I create an index like this:
curl --location --request PUT 'http://127.0.0.1:9200/test/' \
--header 'Content-Type: application/json' \
--data-raw '{
"settings" : {
"number_of_shards" : 1
},
"mappings" : {
"properties" : {
"word" : { "type" : "text" }
}
}
}'
when I create a document:
curl --location --request POST 'http://127.0.0.1:9200/test/_doc/' \
--header 'Content-Type: application/json' \
--data-raw '{ "word":"organic" }'
And finally, search with an intentionally misspelled word:
curl --location --request POST 'http://127.0.0.1:9200/test/_search' \
--header 'Content-Type: application/json' \
--data-raw '{
"suggest": {
"001" : {
"text" : "rganic",
"term" : {
"field" : "word"
}
}
}
}'
The word 'organic' lost the first letter - ES never gives suggestion options for such a mispell (works absolutely fine for any other misspells - 'orgnic', 'oragnc' and 'organi'). What am I missing?

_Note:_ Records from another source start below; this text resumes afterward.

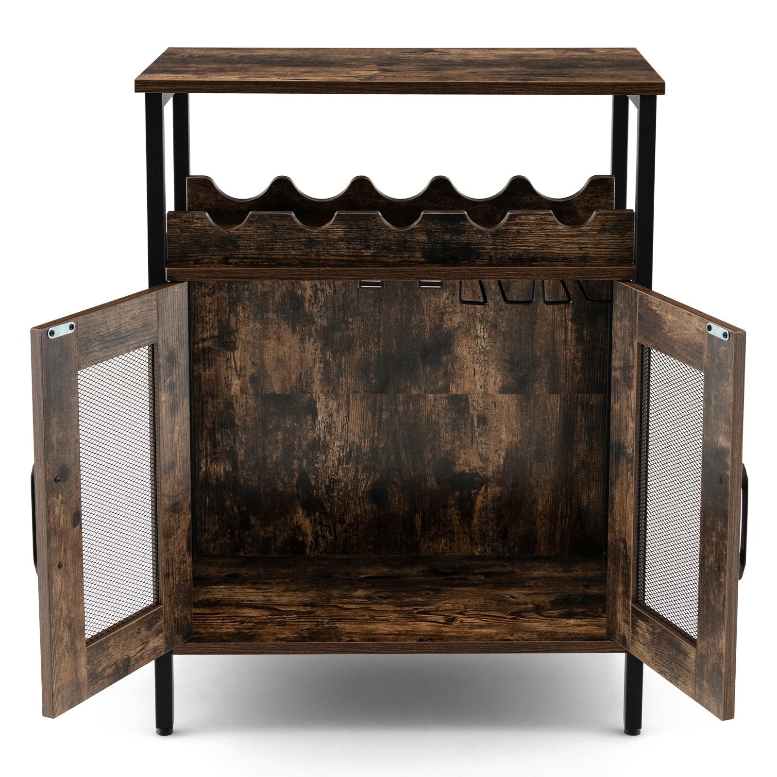 This industrial bar cabinet features various storage spaces to fully meet your requirements. Featuring a tabletop, wine rack, and mesh door cabinet, the sideboard has ample storage space to store ornaments, coffee machine, and dinnerware. Besides, the wine rack holds up to 5 wine bottles and glass holders store up to 6 wine glasses. You can remove the wine rack and glass holders for more storage. The 2-in-1 design meets your different needs. Made of firm and durable material, the wine bar can be used for a long time. The metal legs with adjustable foot pads enhance stability and keep balance. Moreover, the anti-toppling kit will keep the coffee cabinet stable and protect your safety. With exquisite workmanship and industrial style, the freestanding sideboard adds fashion and classic beauty to your home. This floor liquor cabinet can not only serve as a wine bar/coffee cabinet in the living room but also as a storage sideboard for the dining room or kitchen. If you are looking for a bar cabinet like this, do not hesitate to place an order! Detachable Wine Rack and Stemware Holders: This industrial cabinet comes with a detachable wine rack, which can hold up to 5 bottles of wine. What's more, 2 removable stemware holders can be installed under the middle shelf to accommodate 6 wine glasses. This wine bar cabinet can suit wine lovers' daily storage needs. Sturdy and Durable Construction: Constructed from premium engineered wood panels and a robust metal frame, this heavy-duty sideboard with premium shelves features strong load bearing. The surface is smooth without burrs, and easy to clean and maintain, providing long-term use. Adjustable Feet and Anti-tipping Device: The feet can be adjusted to deal with rough grounds and make the storage cabinet not easy to shake. Additionally, you can also assemble the anti-tipping accessories to prevent the cabinet from tipping over and ensure safety. More than a Wine Cabinet: This compact buffet cupboard features ample storage space and wide applications, which is suitable for various occasions. Users can detach the wine rack or glass holder, and use this liquor cabinet as a coffee bar cabinet, sideboard, or storage cabinet. Easy Assembly and Maintenance: All the necessary hardware and a detailed user manual will be included in the package. You just need to connect all the parts by tightening the screws to complete the assembly. When it comes to daily maintenance, you can just clean it with a soft rag for great convenience.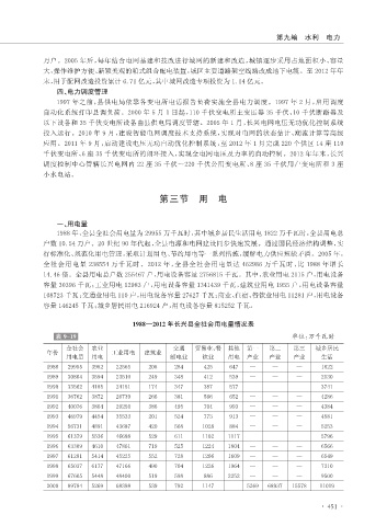 全社会用电量 238554 万千瓦时。2012 年,全县全社会用电量达 462986 万千瓦时,比 1988 年增长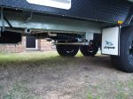 Now everything is positioned about the suspension and the ball weight is sweet. The grey water tank is mounted between the suspension wish bones, I have even incorporated "Hey Jims" LH/RH outlet system.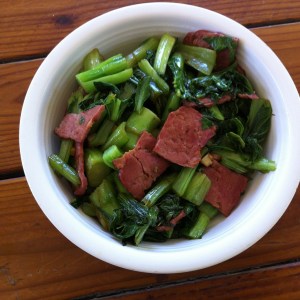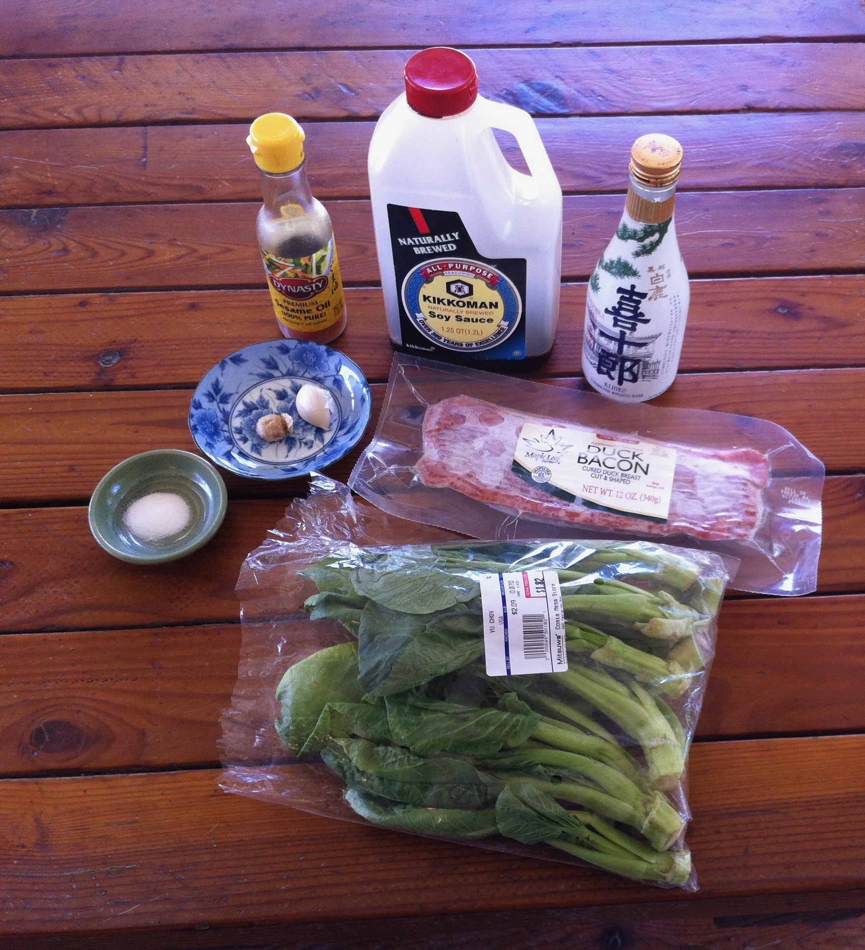 I delight in cruising Mitsuwa’s aisles. This time around, my attention was caught by its produce department’s Chinese broccoli and its meat aisle’s Maple Leaf Duck Bacon. I grant that neither of these is Japanese, but it struck me that each had culinary promise. Indeed, it turns out that they’re a combination not unfamiliar to several cuisines.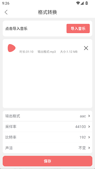 3、设置输出格式、采样率、比特率后,点击保存即可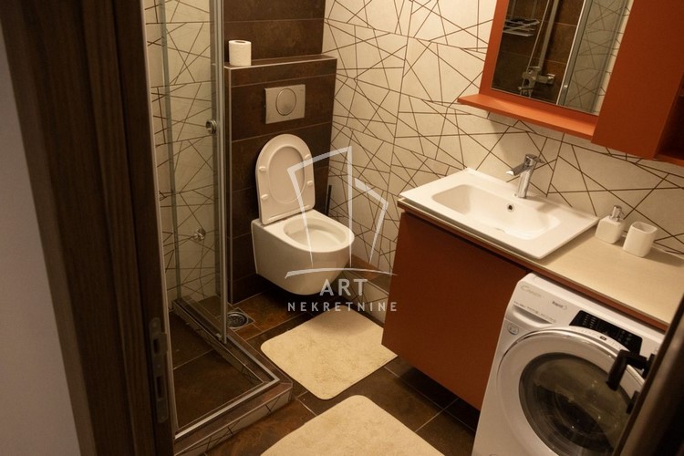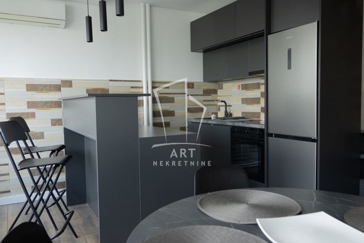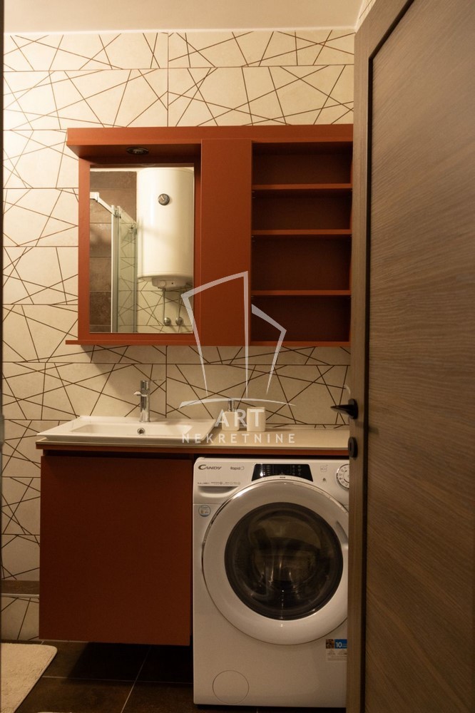 Stan je opremljen kompletnom belom tehnikom koja je u garanciji - sudo mašina, mašina za pranje i sušenje veša, frižider sa velikim zamrzivačem, keramička ploča i rerna, bojler.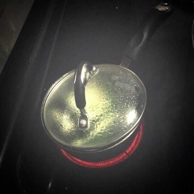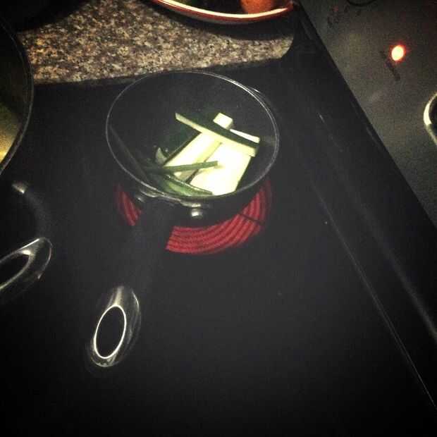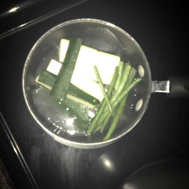 1. poner las verduras (judías verdes, zanahorias, brócoli y el calabacín) en la sartén. Agregue agua, conversión de la cacerola para cocinarlas a fuego lento. Espere unos minutos.

This is happening because of the prefix_length
parameter: https://www.elastic.co/guide/en/elasticsearch/reference/current/search-suggesters.html . It defaults to 1, i.e. at least 1 letter from the beginning of the term has to match. You can set prefix_length
to 0 but this will have performance implications. Only your hardware, your setup and your dataset can show you exactly what those will be in practice in your case, i.e. try it :). However, be careful - Elasticsearch and Lucene devs set the default to 1 for a reason.

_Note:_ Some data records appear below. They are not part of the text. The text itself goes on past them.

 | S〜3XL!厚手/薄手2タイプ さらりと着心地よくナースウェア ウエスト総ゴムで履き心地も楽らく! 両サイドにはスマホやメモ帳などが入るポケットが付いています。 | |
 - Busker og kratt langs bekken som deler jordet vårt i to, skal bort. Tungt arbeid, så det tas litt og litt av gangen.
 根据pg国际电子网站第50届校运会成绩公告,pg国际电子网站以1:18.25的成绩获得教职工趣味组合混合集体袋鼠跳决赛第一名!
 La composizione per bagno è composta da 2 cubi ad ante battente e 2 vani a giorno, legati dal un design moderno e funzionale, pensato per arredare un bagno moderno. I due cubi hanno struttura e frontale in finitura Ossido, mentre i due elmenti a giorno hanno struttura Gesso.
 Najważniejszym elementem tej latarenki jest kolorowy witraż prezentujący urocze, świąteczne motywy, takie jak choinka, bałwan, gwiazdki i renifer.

Here's a query which for me returns the suggestion result you're after on Elasticsearch 7.4.0 after I perform your setup steps.
curl --location --request POST 'http://127.0.0.1:9200/test/_search' \
--header 'Content-Type: application/json' \
--data-raw '{
"suggest": {
"001" : {
"text" : "rganic",
"term" : {
"field" : "word",
"prefix_length": 0
}
}
}
}'